Dans un très remarquable livre sur la Chine dont j'ai déjà parlé dans un billet, Simon LEYS écrit ceci qui mérite d'être relevé :
Dans la nausée de SARTRE - bon échantillon de la conscience occidentale, dans sa forme la plus étroite - il y a deux objets dont la vue suscite chez Roquentin un sentiment d'absurdité existentielle tel, qu'il aboutit physiquement à la nausée : un galet poli par les vagues, et une racine noueuse. Il est intéressant de noter que ce sont là précisément deux types d'objets assidûment recherché par les collectionneurs chinois, car mieux parfois que des oeuvres d'art fameuses, ils pouvaient plonger les esthètes en extase.
Il faut avoir l'esprit bien tordu, et une esthétique relevant d'un système préformé, il faut avoir une imagination échevelée mais morbide, pour imaginer le héros de SARTRE. Qui n'a jamais VRAIMENT rêvé, comme les collectionneurs chinois, devant la racine d'un arbre abattu par la tempête ? Qui n'a pas plongé en esprit, à la vue d'un galet, dans ces moments immémoriaux où la terre en gésine donnait naissance aux roches et à l'océan qui les polirait ? Il faut avoir une perversion du goût incroyable pour faire de ROQUENTIN un modèle. Il faut faire violence à ses émotions. Dans cinquante ans, on en sourira, (comme on se posera de sérieuses questions sur le nouveau roman qui relève du même esprit de système). Comme si la beauté ne résultait pas d'un accord subtil et secret entre la nature et l'homme, fruit d'un long commerce, d'une longue patience, et d'une active sympathie ?
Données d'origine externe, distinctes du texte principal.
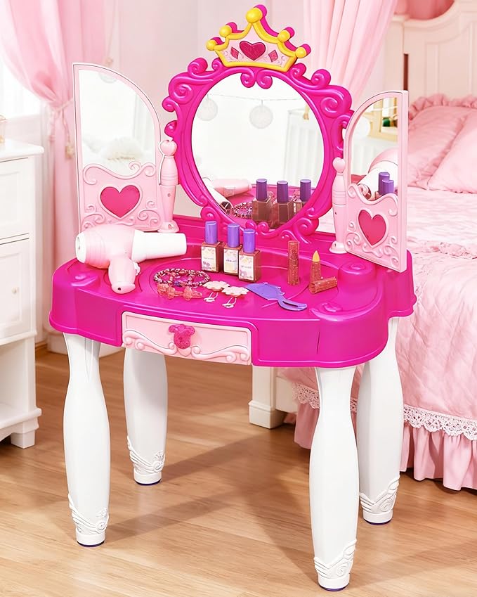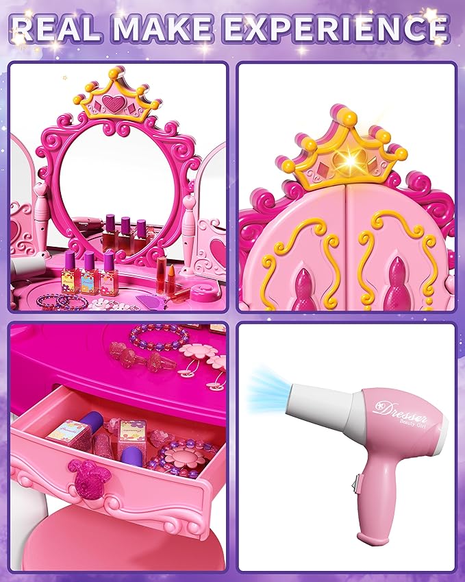 - 【Lights and Music】When the mirror is on, immerse your child in the princess kids dresser with heart-shaped lights and magical music effects. Girls can also use a safe and really effective blow dryer to do hair for their pals and dolls.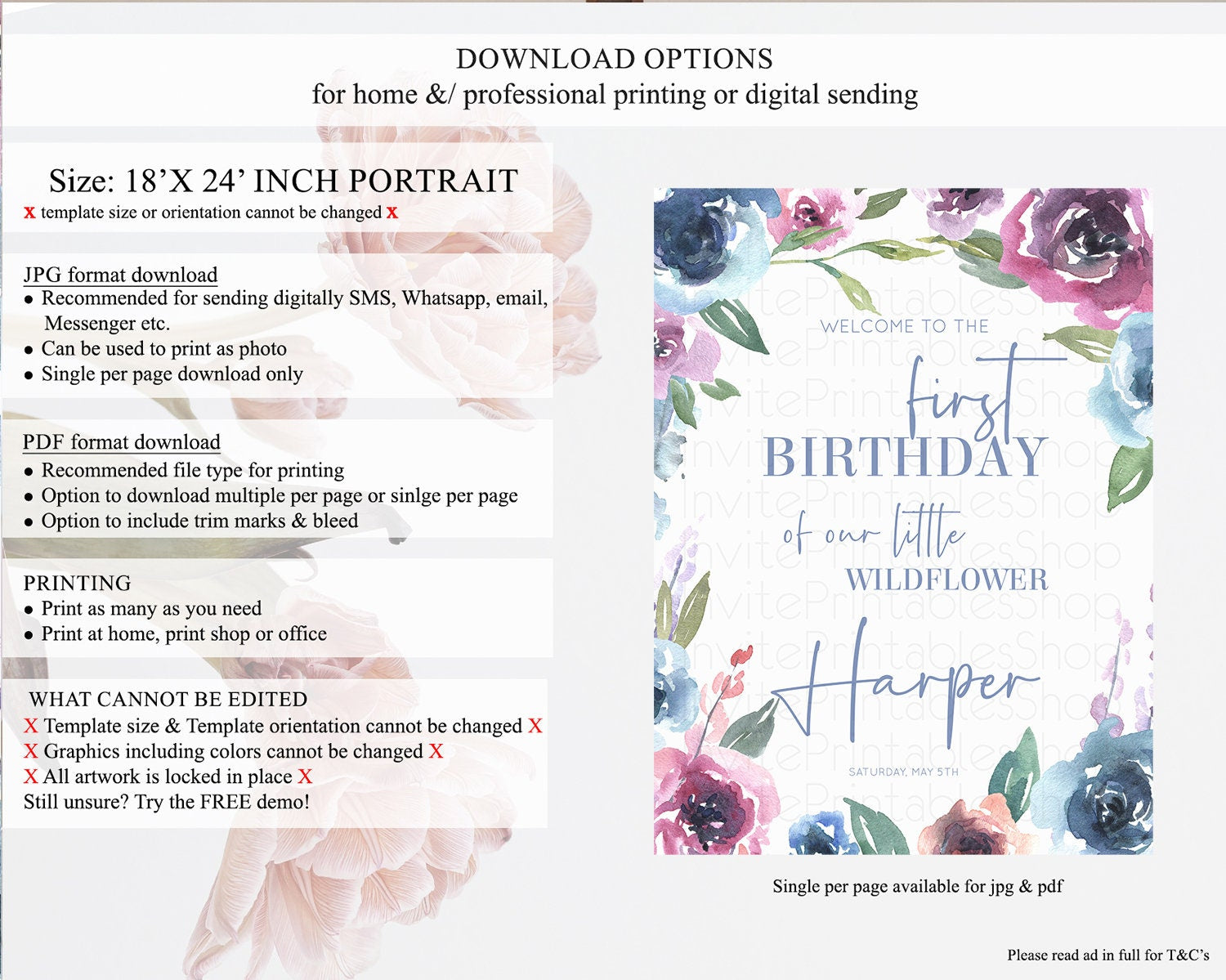 • Template size & orientation cannot be changed. Please use the demo link to confirm this product suits your needs.

On en revient toujours à ce que je disais hier dans mon billet : ce prurit de nouveautés qui reposent sur les nuages des idées, au lieu de s'émouvoir au contact du réel et des sentiments qu'il suscite en nous, pousse l'occident dans une impasse dont il ne sortira que par sa conversion (un retour à ses racines) ou par sa disparition.